The diagram shows a sketch of \( y = 18 + 5x – 2x^2 \).
(a) Find the coordinates of the points \( A, B \) and \( C \).
(b) Differentiate \( 18 + 5x – 2x^2 \).
(c) Find the coordinates of the point on \( y = 18 + 5x – 2x^2 \) where the gradient is 17.
▶️ Answer/Explanation
(a) \( A = (-2, 0) \), \( B = (0, 18) \), \( C = (4.5, 0) \)
For \( A \) and \( C \), set \( y = 0 \) and solve \( -2x^2 + 5x + 18 = 0 \) to get x-intercepts. For \( B \), set \( x = 0 \) to get y-intercept.
(b) \( 5 – 4x \)
Differentiate each term: derivative of 18 is 0, \( 5x \) becomes 5, and \( -2x^2 \) becomes \( -4x \).
(c) \( (-3, -15) \)
Set derivative equal to 17: \( 5 – 4x = 17 \). Solve to get \( x = -3 \). Substitute back into original equation to find y-coordinate.
(a) Solve the equation tan x = 11.43 for \(0\leqslant x\leqslant 360^{\circ}\)
(b) Sketch the curve \(y=x^{3}-4x\)
(c) A curve has equation \(y=x^{3}+ax+b\)

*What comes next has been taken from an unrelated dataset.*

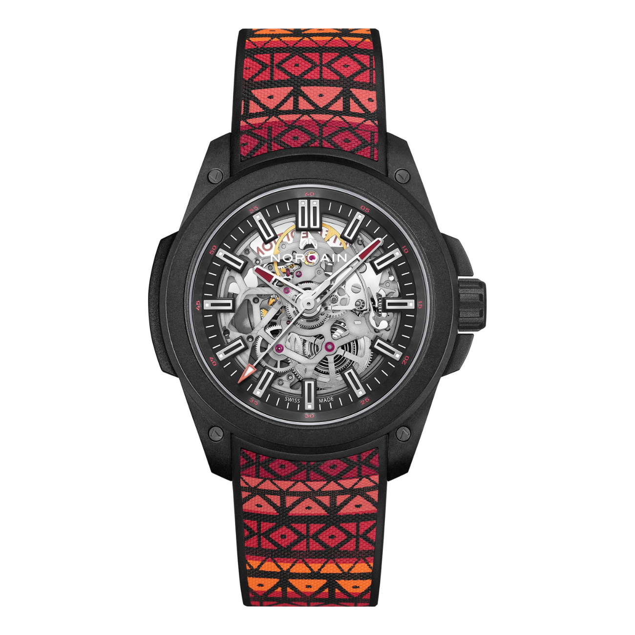 Crafted in NORQAIN’s proprietary NORTEQ material, this 42mm limited edition celebrates the brand’s partnership with wildlife ambassador Dean Schneider and his Hakuna Mipaka sanctuary. The lightweight yet ultra-durable case houses a COSC-certified skeleton automatic movement visible through both sides, delivering 41 hours of power reserve. Red accents highlight the openworked dial, while rhodium-plated hands glow with Super-LumiNova. The black safari-pattern rubber strap is individually hand-applied, making each watch unique. A portion of sales supports wildlife conservation, underscoring its purpose beyond performance. Finished with a sandblasted titanium core and 200m water resistance, this timepiece embodies rugged sophistication, artisanal craft, and a powerful commitment to protecting nature. Limited to 200 pieces worldwide
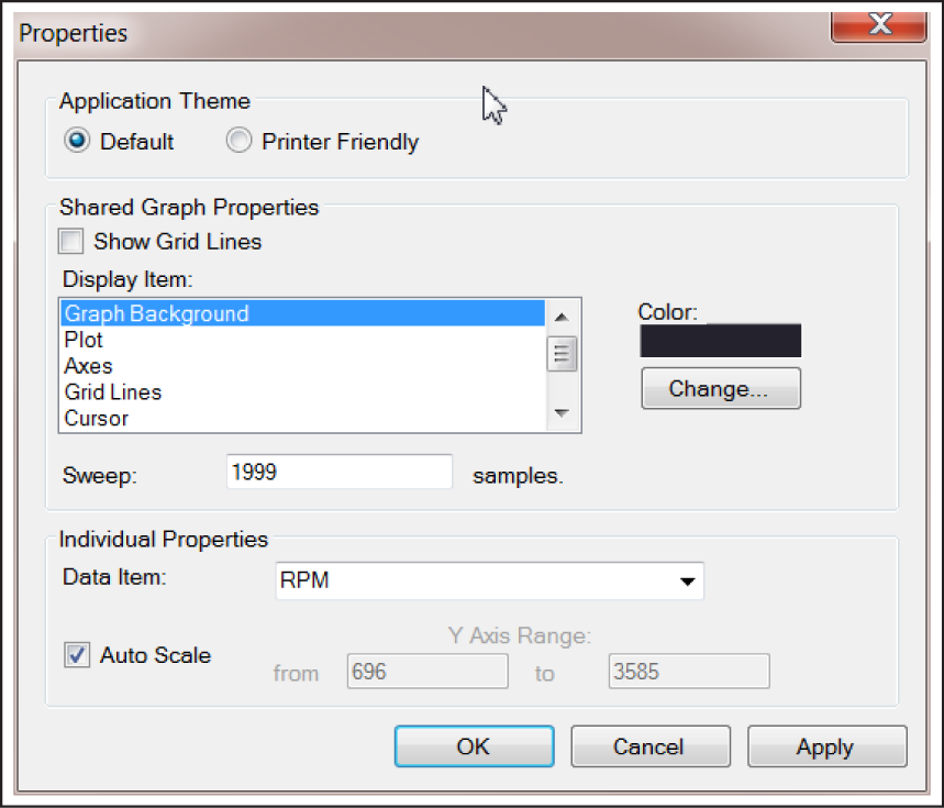 The Tools menu opens the Properties dialog box which has two sections ; Shared Graph Properties and Individual Properties. Shared Graph Properties apply to all graphs, and Individual Properties apply to the selected graph only.

The stationary points of the curve have coordinates (2, k) and (-2, 10 – k).
Work out the value of a, the value of b and the value of k.
▶️ Answer/Explanation
(a) 85.0°, 265.0°
tan⁻¹(11.43) ≈ 85.0°. Tangent is positive in 1st and 3rd quadrants, so second solution is 85° + 180° = 265°.
(b) Cubic curve sketch
Shape crosses x-axis at x=-2,0,2 (roots of x³-4x=0). Has local max at x≈-1.15 and local min at x≈1.15.
(c) a = -12, b = 5, k = -11
1) Find dy/dx = 3x² + a. At stationary points (x=±2), dy/dx=0 → 3(4)+a=0 → a=-12.
2) Substitute (2,k) and (-2,10-k) into original equation to get two equations, solve simultaneously to find b=5 and k=-11.